Listening to The Platters' "My Prayer"

Most of the best moments of Twin Peaks – The Return touch on our fragile desires to undo the potential dread of loss (an anxiety that informs and underlines both "My Prayer" and "In Dreams"). You could say that this goal is also the aim of the show, not only in terms of how the series ultimately concludes, but in our knowledge that many of the actors from the original series were either already dead (Frank Silva, David Bowie), or were in the process of dying during the shoot (Catherine E. Coulson, Miguel Ferrer). Lynch comes to immortalize all of them on film, as ghosts from a past that are suddenly inhabiting the present. But he is simultaneously making us aware of their fleeting presence, where they become faint flickers that will soon vanish into the past once we arrive at the curtain call. In the concluding two episodes, which takes us from the ponderous plot lines that once again inhabit the show after "Got a Light?," Lynch regains his strength. As Cooper becomes once again consolidated into his full self, he finds his assistant and former lover, Diane (a luminous Laura Dern), whom he hopes to return to by literally recapturing the romantic idyll they once shared. But before they attempt to cross over in time, Cooper must first return to the scene of the original crime of Laura Palmer's murder. When he does so, Lynch magically takes us back to the climax of Fire Walk With Me, where Laura Palmer (after discovering the identity of her abuser) meets up with her killer and faces her fate. In a moment that cleverly references The Wizard of Oz – the scene not only morphs from black and white into colour, but also invokes the notion that there's no place like home –the present-day Cooper enters the footage from the 1992 film and attempts to intercede and save the girl from her death. Lynch also returns magically to images from the pilot episode of Twin Peaks, where we revisit those familiar images of Joan Chen looking pensively in a mirror and applying make-up to her face, and the late Jack Nance telling his indifferent wife (Piper Laurie) that he's goin' fishin'. By changing the past as he reminds us of it, Lynch removes that horrifyingly cold image of the body on the shore wrapped in plastic.
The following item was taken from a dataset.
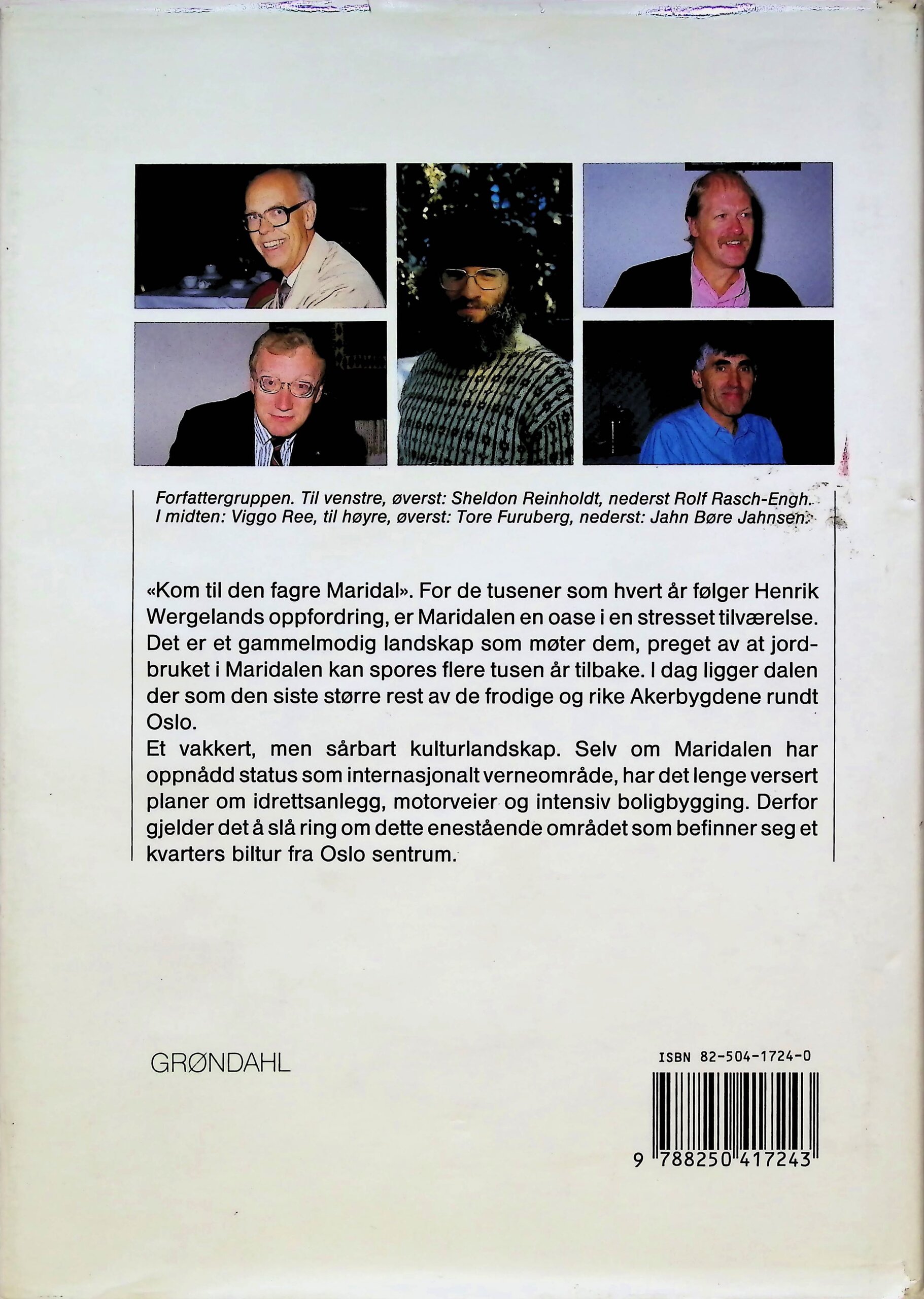 Tore Furuberg (1946-1990) arbeidet for Myrens Verksted og Postgirokontoret. Han var aktiv i Maridalen Vel, Maridalens Venner, Maridalsspillet og Maridalens ungdomsforening. Furuberg var kjentmann i Maridalen og sosialt engasjert. Furuberg var lokalhistoriker, skribent og forfatter. Jahn Børe Jahnsen (1943) er utdannet cand.philol. Han arbeidet som lektor og seniorkonservator. Jahnsen er reiseleder, turleder og foredragsholder. Han har vært lokalpolitiker og er aktiv lokalhistoriker. Rolf Rasch-Engh (1942) er militær, filiolog og historiker. Han har arbeidet for Norsk Folkemuseum, Hærmuseet, Buskerud Fylkeskommune og Bærum Kommune. Han er skribent, redaktør og forfatter. Han har skrevet et stort antall artikler, bøker og skuespill. Viggo Ree (1950) er billedkunstner, naturverner og sakprosaforfatter. Sheldon Reinholdt (1927-2001) var rektor ved Karlsrud skole. Han var også speiderleder, lokalhistoriker og forfatter.

Nance is seen, for the first time, doing what he never got to do in the pilot episode – casting a line into the water to catch fish rather than coming across the body of a murdered high-school girl.

Alfred Hitchcock's Vertigo

Both the prayers of The Platters as heard in their hit song and the dreams of Roy Orbison as heard in his have their shadow side, which the final episode assuredly reveals. Going home again, Lynch reminds us, or even revisiting the beginnings of a cult TV show, is never the same. When Cooper appears to fail in his task to save Laura from the woods on that fateful night, he attempts instead to reignite his romance with Diane. But they discover that after they have sex (to "My Prayer"), they're different people in the morning. They are no longer the same couple who once shared a romantic passion. Their names have changed, and she disappears, abandoning the room they just shared and leaving him a goodbye note. Under his new identity, Cooper no longer reminds us of the straight-arrow detective we once knew, but instead he seems to be an uneasy combination of Dougie and his noirish nightmare twin. He locates Laura Palmer and attempts to take her home again. But she too has changed: she is no longer the frightened teenager of the past but a middle-aged housewife with a different name and in a different town who has no knowledge of a Laura Palmer. Since she has apparently murdered her husband (whose body sits rotting on the couch) and is looking for a way out of town, Cooper offers to take her back to Twin Peaks to face the past and undo Laura's murder. Like James Stewart's detective in Vertigo, MacLachlan's Cooper tries to retrace the steps of a narrative in order to alter its consequences while inadvertently creating new ones that becoming equally haunting. (The scream heard from Sheryl Lee at the end joins Kim Novak's from Vertigo, and Nancy Allen's in Brian De Palma's Blow Out: cries that are impossible to purge from memory.)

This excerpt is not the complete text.